Machine Learning-based Intrusion Detection System (IDS) tailored for resource-constrained networks
Anomaly-Based NIDS for Resource-Constrained Networks using Machine Learning
This repository contains the code, documentation, and resources for my MBA's thesis project, "Anomaly-based intrusion detection in resource-limited networks." The project focuses on developing a practical Network Intrusion Detection System (NIDS) tailored for environments with limited computational resources, such as those found in small businesses or IoT deployments, typically utilizing devices like the Raspberry Pi. The research leverages the CICIDS2017 dataset for model training and initial evaluation, with a final prototype validated using real network traffic captures.
View the Full Thesis (Soon)
Project Overview
The primary goal of this research was to explore and develop an effective, yet lightweight, machine learning-based NIDS suitable for deployment on resource-constrained hardware. Traditional NIDS solutions often demand significant processing power and memory, making them impractical for small businesses or edge devices. This project investigates various machine learning algorithms, ultimately developing a prototype that balances detection accuracy with operational efficiency.

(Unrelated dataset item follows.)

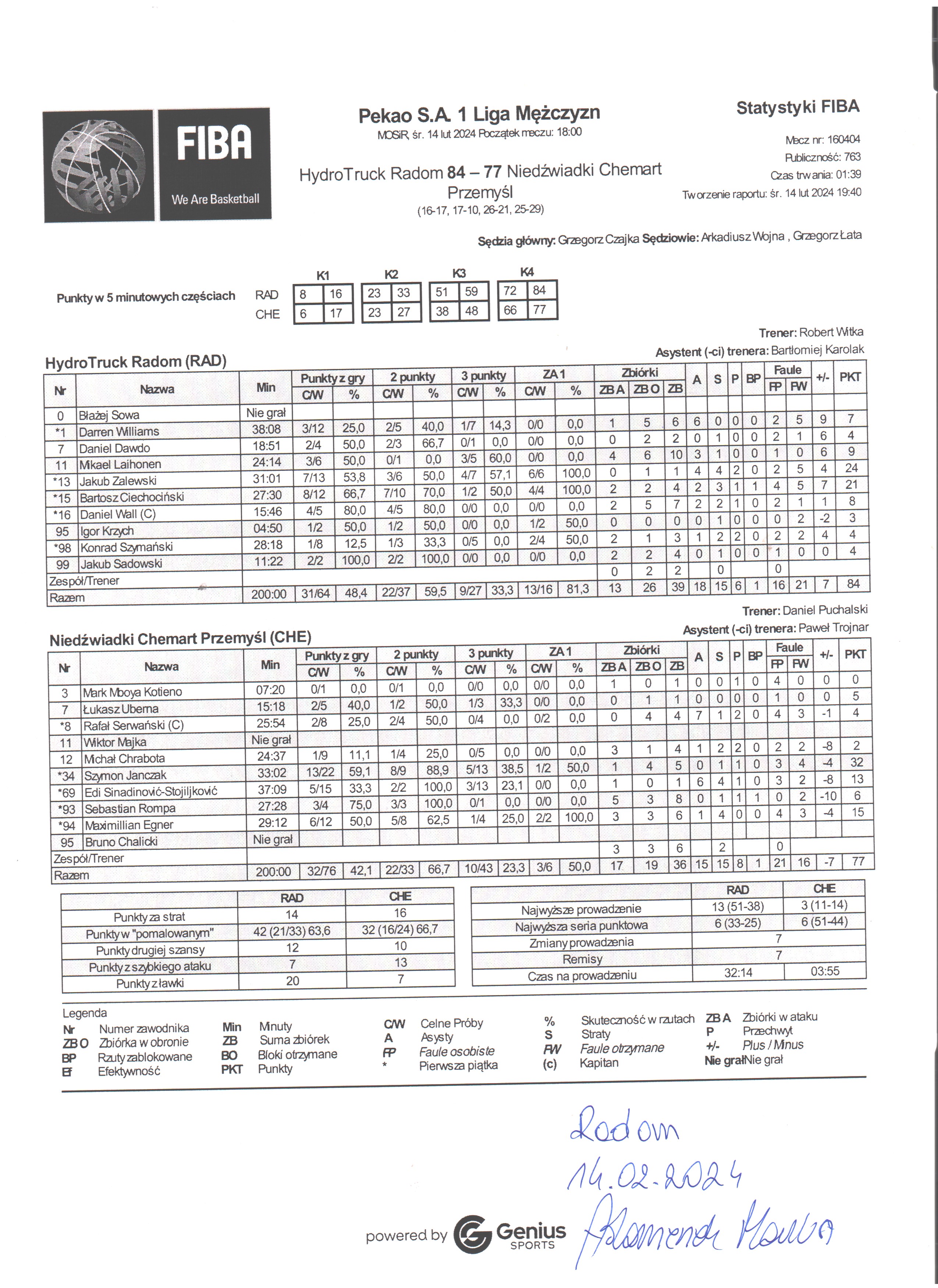 | 98 | Konrad Szymański | 4 | 28:18 | 1/3 | 33.3 | 0/5 | 0.0 | 1/8 | 12.5 | 2/4 | 50.0 | 2 | 1 | 3 | 1 | 2 | 2 | 2 | 2 |   |   | -1 | 4 | |

A key finding of this research was the superior real-world applicability of instance-based learners like K-Nearest Neighbors (KNN) in dynamic network environments. While tree-based ensemble models like XGBoost demonstrated high accuracy on the curated CICIDS2017 dataset during training, the KNN model proved more adaptable and effective when an NIDS prototype was validated against replayed network traffic (pcap files) in a simulated production environment.
Key Features
- Resource-Constrained Focus: The final NIDS prototype is designed with low-power devices like the Raspberry Pi 5 in mind, emphasizing minimal CPU and memory footprint during operation.
- Anomaly-Based Detection: Aims to identify deviations from normal network behavior, enabling the detection of both known and novel threats.
- KNN-Powered Detection Core: The operational NIDS prototype utilizes a K-Nearest Neighbors (KNN) model, chosen for its robust performance in simulated real-world traffic scenarios and its low computational overhead.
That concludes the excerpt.